Abstract
Earlier biologic therapies for rheumatoid arthritis represented a breakthrough in treatment of the disease, but there are still some patients who do not respond adequately to them. The market entry of abatacept, which allows for consistent dosing and predictable drug-acquisition costs, presents patients, physicians, and third-party payers with an effective alternative – the first therapy proven to be effective in patients with inadequate response to DMARDs such as methotrexate or anti-TNF-alpha therapies.
Biomedical advances have helped patients live more satisfying lives with conditions for which until recently few, if any, viable therapies existed. Rheumatoid arthritis (RA), which affects approximately 2.1 million Americans,1 is one such disease. An autoimmune disease that causes pain, swelling, stiffness, and erosion of synovial joints, RA was — until the advent of disease-modifying anti-rheumatic drug (DMARD) therapies — a condition for which medicine had little to offer beyond analgesics and anti-inflammatory drugs.2
DMARDs are drugs with the ability to reduce both inflammation and the progression of joint damage caused by RA.3,4 The emergence in the last decade of biologic DMARDs — which for the first time used a rational approach to target specific pathways in the disease process — proved to be an important therapeutic advance. Unfortunately, there are still some patients who do not respond to these initial biologic agents.2
Subsequently, biologic DMARDs have emerged that demonstrate therapeutic effectiveness for many RA patients who did not respond adequately to initial biologic therapy.
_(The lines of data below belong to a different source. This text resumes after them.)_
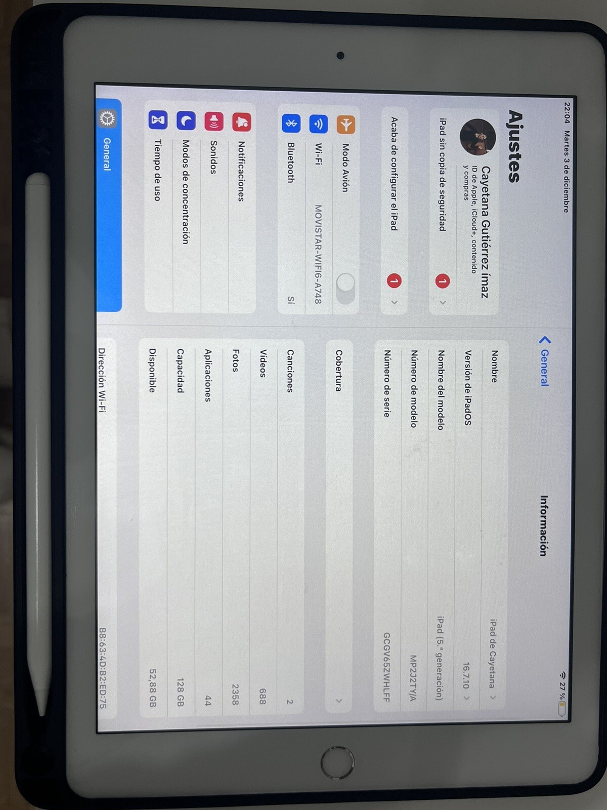 iPad 5ta Generación 128gb. iPad 5ª generación como nuevo, recién cambiada la pantalla. Incluye lápiz táctil y funda. Se entrega con caja. ENTREGA EN MANO
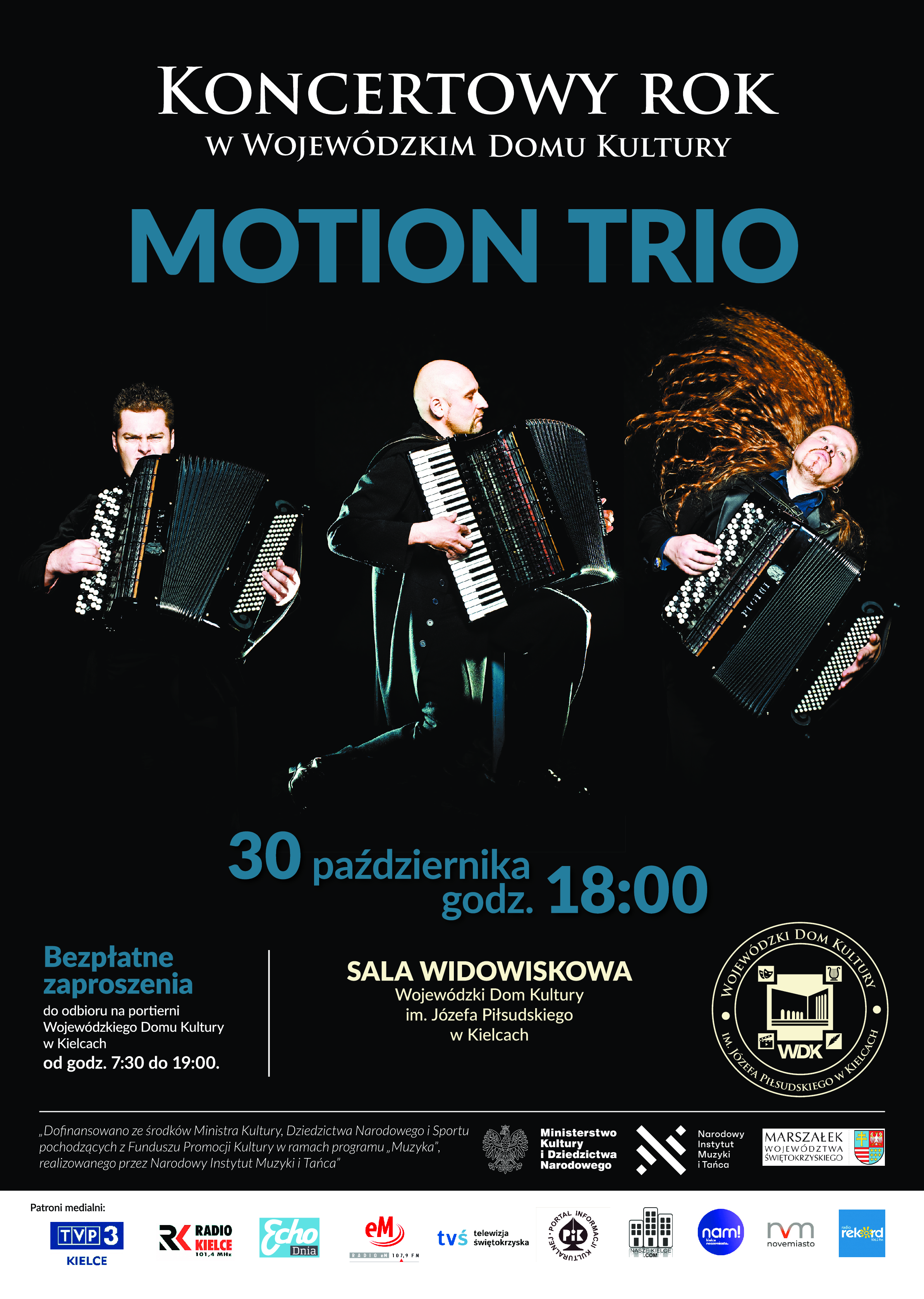 "Motion Trio" – polskie trio akordeonowe, łączące w swej twórczości ogień muzyki o korzeniach wschodnioeuropejskich z lodowatą precyzją wielkich kompozytorów klasycznych. Pełna pasji i namiętności muzyka Motion Trio została doceniona przez współczesnych mistrzów, takich jak: Michael Nyman, Wojciech Kilar, Krzysztof Penderecki, Jerzy Maksymiuk, Bobby McFerrin czy Joe Zawinul. Oryginalny repertuar Motion Trio zawdzięcza autorskim kompozycjom artystów tworzących zespół, w głównej mierze lidera - Janusza Wojtarowicza oraz Pawła Baranka i Marcina Gałażyna. Założony ponad dwadzieścia pięć lat temu zespół przeszedł swą artystyczną drogę od koncertów na ulicach Europy po największe koncertowe sale świata, m.in.: nowojorską Carnegie Hall, Barbican Center w Londynie czy wiedeński Konzerthaus. Znakiem rozpoznawczym jest niezwykle oryginalne brzmienie tria, osiągane, co najważniejsze, przy zachowaniu dźwięku akordeonu: bez przetwarzania, bez udziału innych instrumentów, bez trików techniki. Artyści polegają jedynie na swojej doskonałej umiejętności gry na akordeonach, wyobraźni i talencie. Muzyka Motion Trio łączy w sobie minimal music, jazz, rock, folk, czyli „motion music” definiowane przez Janusza Wojtarowicza jako „muzyka, która poszukuje nowych dźwięków, nowych możliwości gry na akordeonie, nowego spojrzenia na niewykorzystany dotąd fascynujący instrument”. Trzynaście albumów wydanych do tej pory przez zespół zdobyło szerokie uznanie, zbierając pochwały i nagrody zarówno krytyków muzyki jazzowej, jak i klasycznej. Motion Trio wystąpiło w czterdziestu czterech krajach świata na wszystkich kontynentach. Zespól gra na instrumentach Pigini Sirius Millenium, uważanych za najlepsze akordeony na świecie.
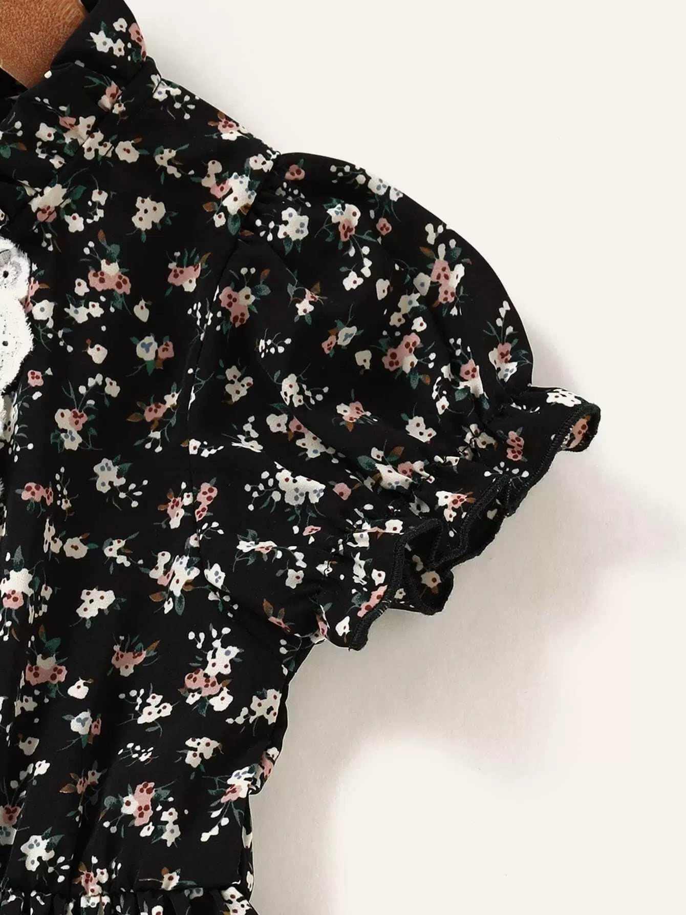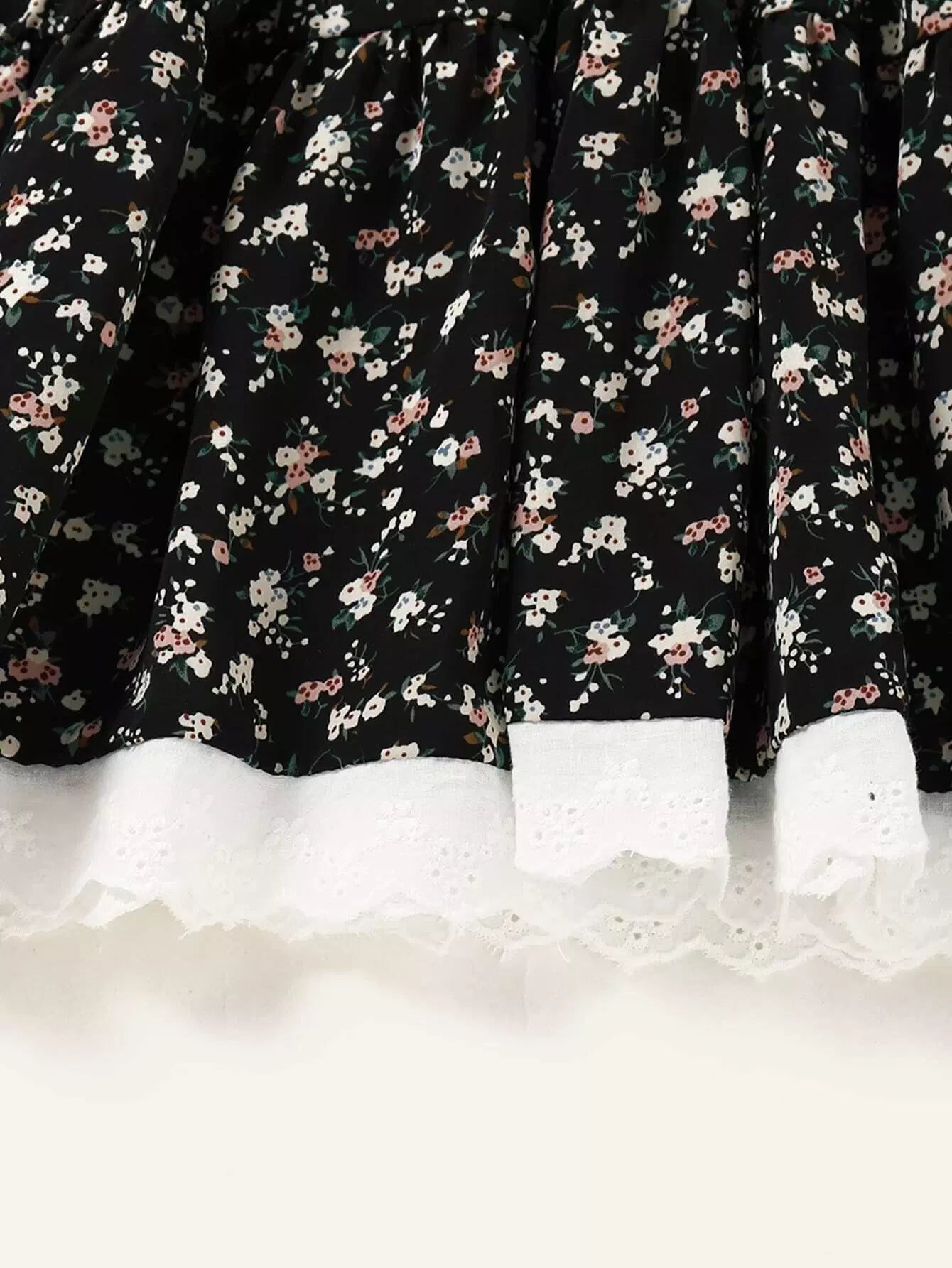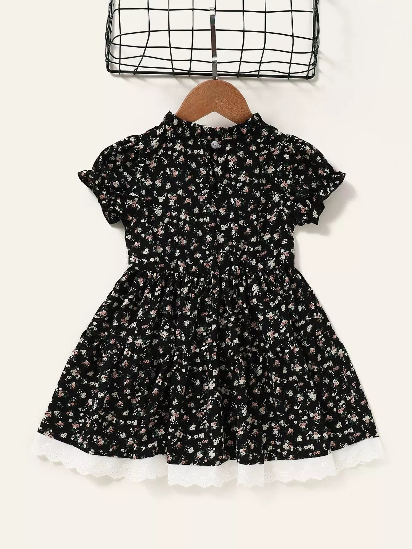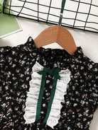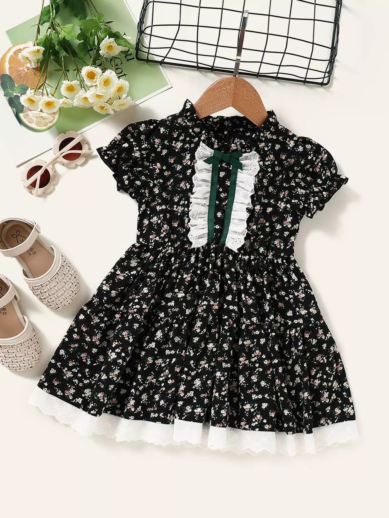 فستان مكشكش مزين بالورود والورود بلون متباين للبنات الصغار
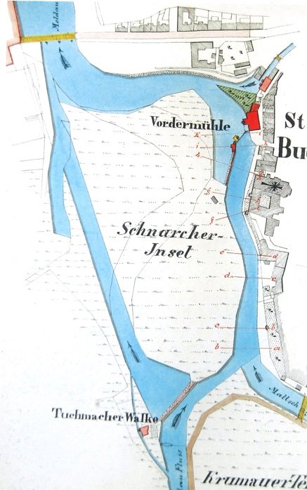 Poznámka k sekci: Přední mlýn a ztráta jeho "vodní síly" jsou zmíněny v souvislosti s plánem přestavby této části města z let 1914-1915. Při této akci mělo být mezi Železnou pannou a Předním mlýnem zavezeno "slepé rameno" Malše (= také náhon). Vznikla by tak možná nová ulice a na Střeleckém ostrově nový blok domů - zřejmě by v tomto případě nutně musela vzniknout nová komunikace se středem města proražením hradeb (v lepším případě mělo jít o park, navazující na plochu ostrova). Připomínkou těchto plánů z poč. 20. st. je dodnes budova gymnázia v České ulici, které je honosným západním průčelím obráceno "opačně", tj. se do budovy dnes vstupuje z ulice původně plánovaným zadním vchodem (projektant tedy již počítal, že řeka zde v budoucnu zmizí). Samozřejmě proti tomu všemu vznikly protesty, které poukazovaly jednak na ztrátu estetických kvalit této části města a nebo na otázky statiky historických objektů dominikánského kláštera a hradeb. Město naopak argumentovalo otázkami hygieny, tj. že by ve "slepém rameni" zahnívala voda. Nakonec zvítězil logický kompromis : staré koryto u hradeb bylo zachováno jako pomalu tekoucí s odtokem regulovaným úzkou propustí v hrázi mezi Předním a Malým mlýnem.

In the past 12 months, the U.S. Food and Drug Administration has approved two first-in-class drugs with unique mechanisms of action (MOA). Orencia® (abatacept) is a selective costimulation modulator that inhibits full T-cell activation.5 Rituxan® (rituximab), previously approved for the treatment of non-Hodgkin’s Lymphoma, binds to CD20-positive B cells, leading to their depletion.6 Only abatacept is specifically indicated for patients with inadequate response to both DMARDs, such as methotrexate, or the newer biologic tumor necrosis factor-α (TNF-α) inhibitors.*
BIOLOGICS NOT ALL ALIKE
Three of the first four biologic agents approved to treat RA — Enbrel® (etanercept), Remicade® (infliximab), and Humira® (adalimumab) — work similarly to inhibit TNF-α.7,8,9 The fourth, Kineret® (anakinra), blocks another cytokine, interleukin-1.10
The TNF-α antagonists and anakinra impacted the lives of many people living with the burden of RA, whose symptoms frequently abated and whose disease sometimes went into remission. As with many medications, however, these therapies are not effective for everyone. Patients, who for a variety of clinical reasons do not achieve an adequate response, may be candidates for treatment with abatacept. Failure on prior drugs has no bearing on whether a particular patient will do well on a subsequent medication utilizing a different MOA.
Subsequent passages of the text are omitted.